Two years ago, Christian Hageseth logged on to the Internet in Colorado and prescribed anti-depressant drugs to a California teenager with a history of mental illness and alcohol abuse. A few months later, 19-year-old John McKay killed himself in his family home.
Upon learning that Hageseth had treated McKay, and that he didn’t have a license in California, state medical investigators urged local prosecutors to charge him with a felony. Last year they did, accusing him of practicing without a California license. The maximum penalty, according to the prosecution, would be three years in state prison and state fines.

drugs.jpgNow Hageseth — who had a restricted license in Colorado when he prescribed McKay’s medication, according to court documents — is trying to get the case dismissed, claiming that the state courts lack jurisdiction to try him under California law. Though a San Mateo County judge refused his request, Hageseth’s attorney has persuaded the 1st District Court of Appeal to consider issuing a writ that would overturn that decision.

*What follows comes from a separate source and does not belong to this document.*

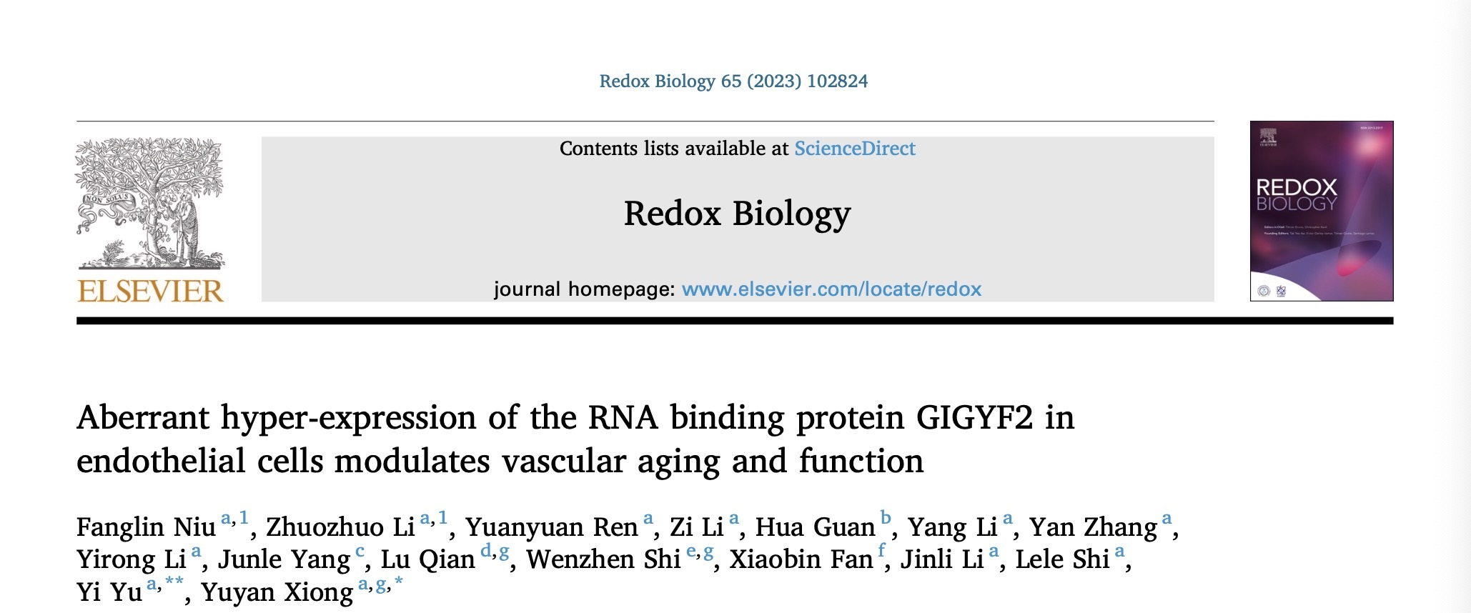 近日,乐动网页版登录入口生命科学与医学部熊裕焱教授团队在GIGYF2在血管内皮细胞衰老中的生物功能及其调控机制的研究中取得了新进展,研究结果发表在Redox Biology,题为“Aberrant hyper-expression of the RNA binding protein GIGYF2 in endothelial cells modulates vascular aging and function”。

But, if the 1st District agrees with the government’s application of medical licensing laws, thousands of out-of-state doctors could face felony prosecution.
The appeal court took the rare step of asking for additional briefing on the court’s jurisdiction over out-of-state doctors, suggesting the parties might want to seek out amici like the Medical Board of California.

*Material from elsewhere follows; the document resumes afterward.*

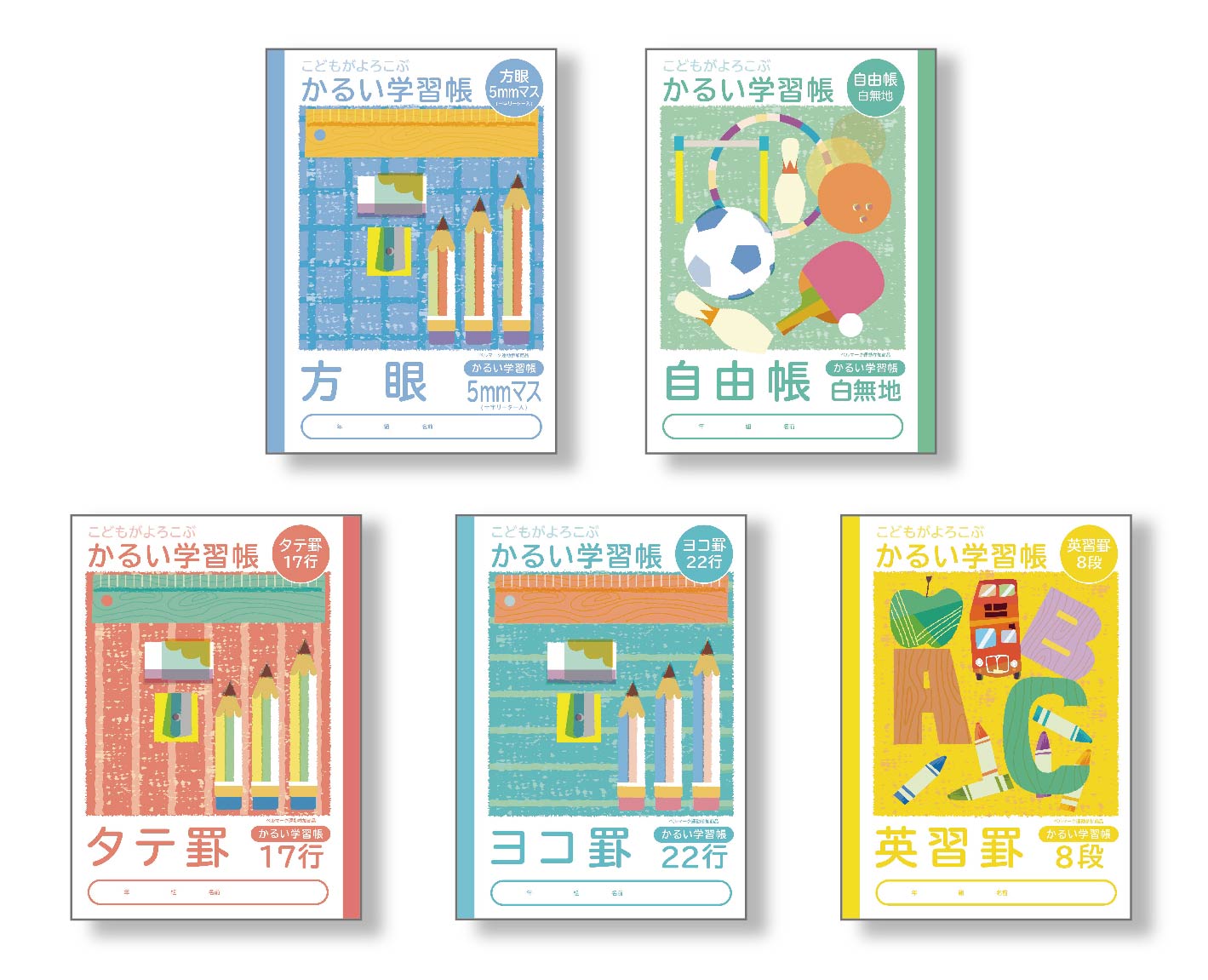 『こどもがよろこぶ』シリーズの「かるい学習帳」に方眼罫や英習罫などの全5種計15品番を追加しました。

Telemedicine refers to the delivery of medicine from afar, and it can occur in many ways. The broad term might refer to two doctors discussing a case over the phone or the Internet, for example. Or it might involve direct patient interaction with physicians located far away.
The American Telemedicine Association doesn’t keep hard statistics on how many doctors incorporate telemedicine into their practice, but California state law requires medical practitioners to conduct a good-faith exam before prescribing medication. The California Medical Association (CMA) declined to weigh in with an amicus brief on Hageseth’s behalf, because of the lack of a good-faith exam.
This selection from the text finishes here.